A a pre-requisite this post assumes you have an Azure account. If you don’t have one….shame on you…just kidding, you can sign-up for an account and even receive a free $200 trial credit. If you have an MSDN membership you may be eligible for a MSDN Azure account that provides $150 a month in Azure credits. With that out of the way let’s build out a SQL Server 2016 sandbox. Begin by signing into the Azure management portal. From the portal home page, click the ‘+ New’ button, then select Compute, Virtual Machine and From Gallery.

image

The virtual machine gallery consist of all sorts of pre-built VM images that you can select from to simplify the set-up/install process. In our case, we are interested in the SQL Server 2016 CPT2 image found under the SQL Server group.

image

During the set-up I recommend using a minimum VM size of A4 (8 cores, 16Gb memory) although this can vary depending on the size of the sample data you will be playing. After making you configuration selections, fight back the anticipation as your VM will be spun up and ready to go within a few minutes. Once your VM shows as ready on the Virtual Machine dashboard, you can select it and navigate to the dashboard. From the dashboard, you can use the Connect button to initiate a remote desktop session using the credential you specified during set-up.

image

Because you use started with a pre-defined image, SQL Server 2016 is already set-up and ready to go sans PolyBase. To add the PolyBase functionality we much run through the installer, but before we can do that, you much update the Java JRE to a version of 7u55 or higher (https://www.oracle.com/technetwork/java/javase/downloads/index.html).

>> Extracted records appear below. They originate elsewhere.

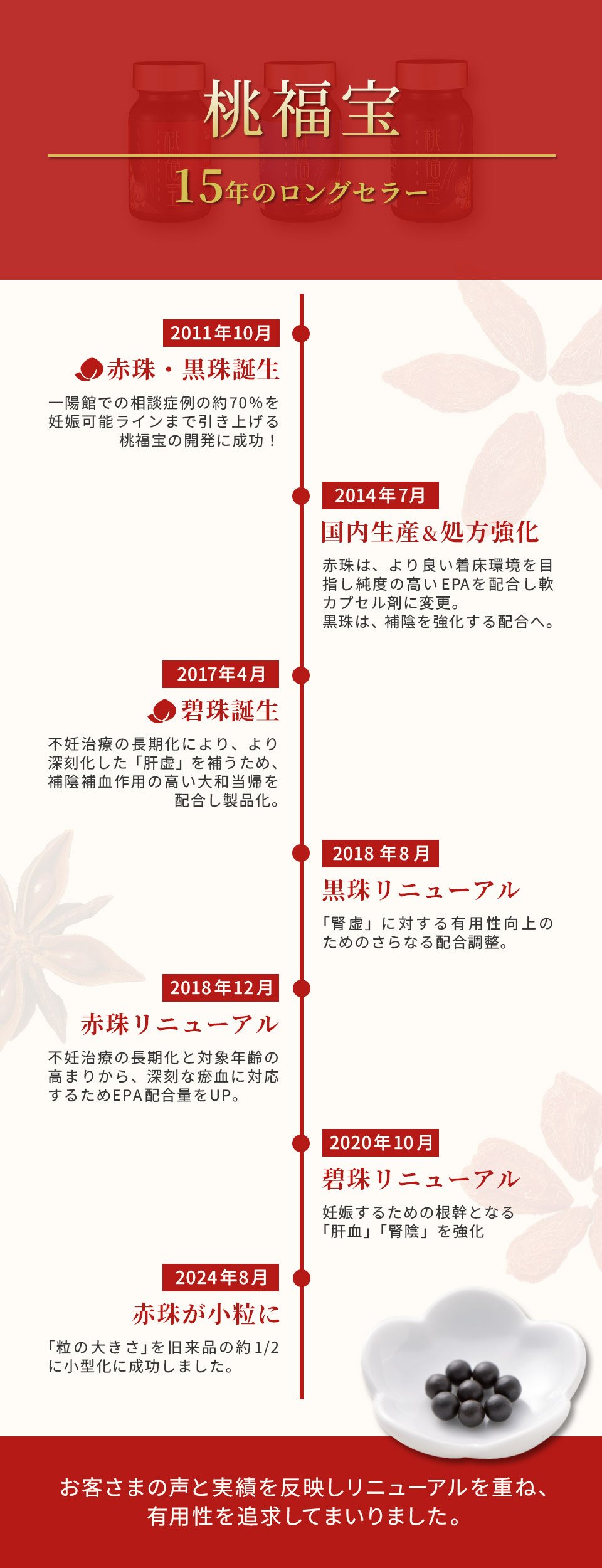 漢方に対する体質改善のご要望が多くなりましたが、従来の漢方処方では限界もありました。 子だくさんの時代には見られなかった現代特有の「妊娠しづらさ」を解決することが必要になったのです。 女性のライフスタイルの変化や社会環境の影響などから「根深い瘀血」や「慢性的な疲労」による妊娠力の低下という課題を解決するために現代人のための「新しい漢方」=桃福宝を開発した理由はここにあります。
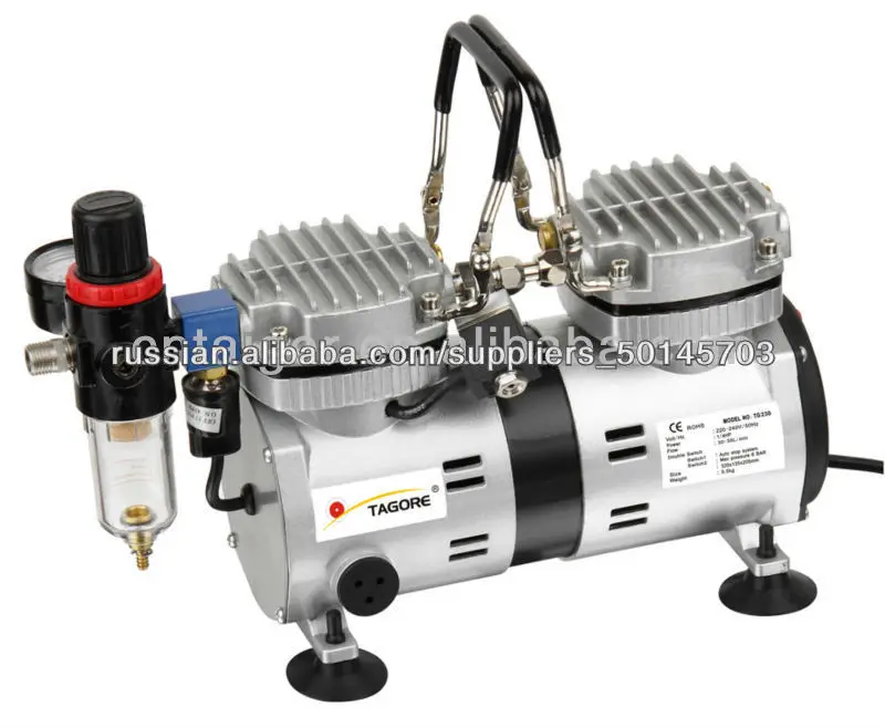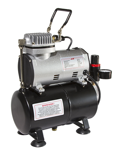 Компрессор предназначен ТОЛЬКО для аэрографов с постоянной подачей воздуха, т.е. нельзя перекрывать выход воздуха чтобы не испортить компрессор.
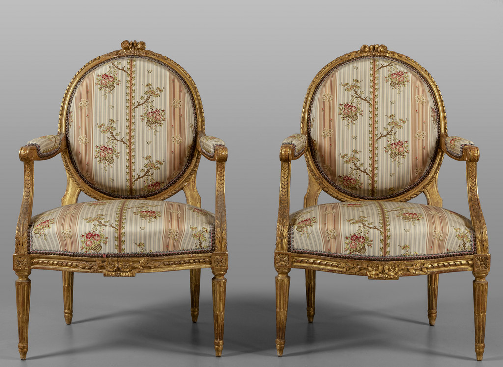 Coppia di poltrone Luigi XVI in legno intagliato e dorato Francia II metà sec.XVIII (una stampigliata G.Jacob)

After that is complete, launch the SQL Server 2016 installer which is found at: C:\SQLServer_13.0_Full. Click the Next prompts through the process to Add a Feature to an Existing Installation and then simply select PolyBase. The install may take several minutes and then you are really, really ready to go.

image

Open SQL Server Management Studio (SSMS) and connect to the local, SQL 2016 instance. By default, PolyBase integration is turned off. To enable it use the following command and then restart the SQL Server instance.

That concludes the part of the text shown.